--- Prompt ---
Write out, please, each line from the one containing "Печальный африканский мальчик" to the final line of the data, both included, exactly and without pictures.

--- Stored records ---
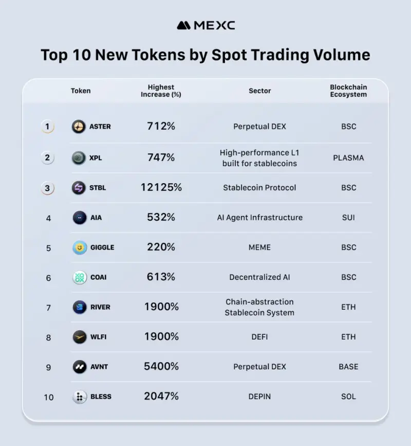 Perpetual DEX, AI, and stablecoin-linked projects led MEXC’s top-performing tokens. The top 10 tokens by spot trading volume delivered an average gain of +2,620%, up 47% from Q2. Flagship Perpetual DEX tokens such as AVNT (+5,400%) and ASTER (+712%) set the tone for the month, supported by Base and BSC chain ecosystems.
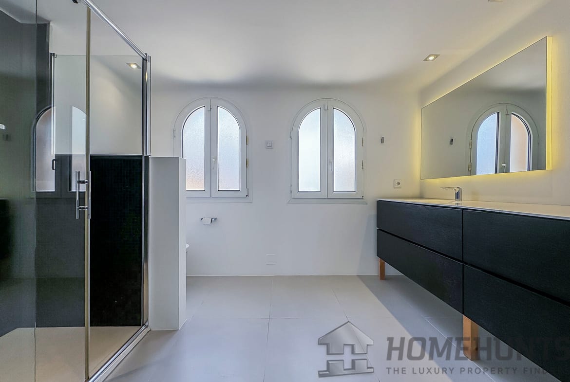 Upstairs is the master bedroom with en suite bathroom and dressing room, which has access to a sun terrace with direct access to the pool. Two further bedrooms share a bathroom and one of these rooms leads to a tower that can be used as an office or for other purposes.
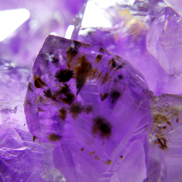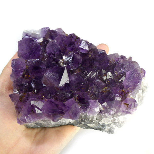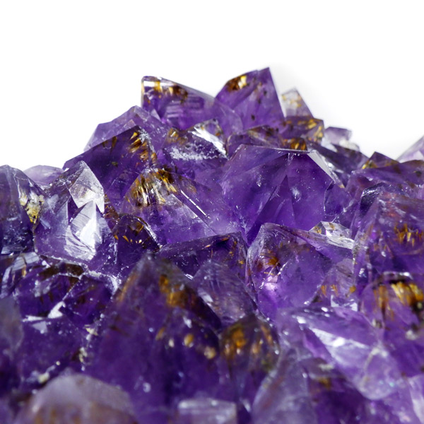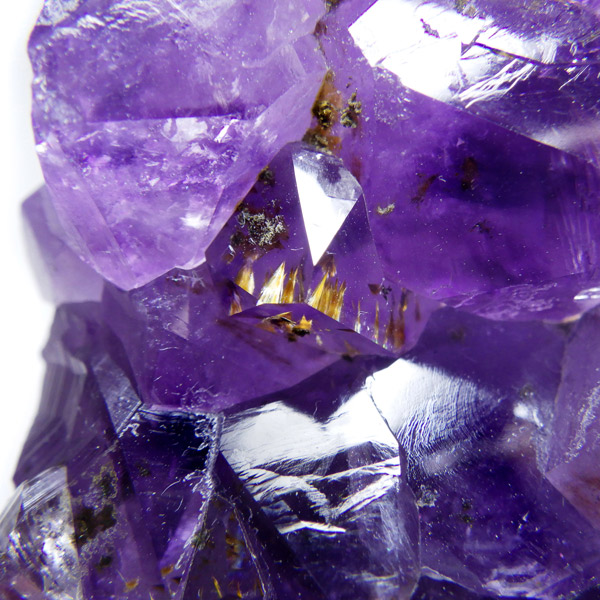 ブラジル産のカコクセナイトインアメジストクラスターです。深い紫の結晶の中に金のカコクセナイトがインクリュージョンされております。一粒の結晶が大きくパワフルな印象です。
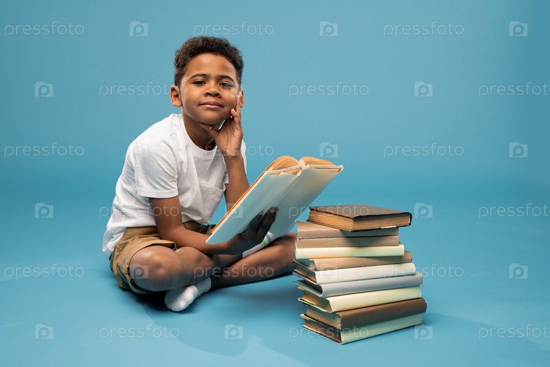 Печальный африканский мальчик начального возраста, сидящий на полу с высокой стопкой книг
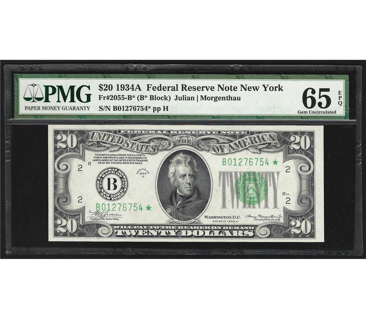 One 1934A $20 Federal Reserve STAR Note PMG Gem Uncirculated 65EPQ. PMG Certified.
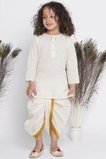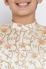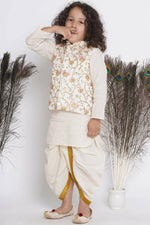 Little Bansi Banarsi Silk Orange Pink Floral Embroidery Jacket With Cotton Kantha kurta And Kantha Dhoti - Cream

--- Response area ---
 Печальный африканский мальчик начального возраста, сидящий на полу с высокой стопкой книг
 One 1934A $20 Federal Reserve STAR Note PMG Gem Uncirculated 65EPQ. PMG Certified.
 Little Bansi Banarsi Silk Orange Pink Floral Embroidery Jacket With Cotton Kantha kurta And Kantha Dhoti - Cream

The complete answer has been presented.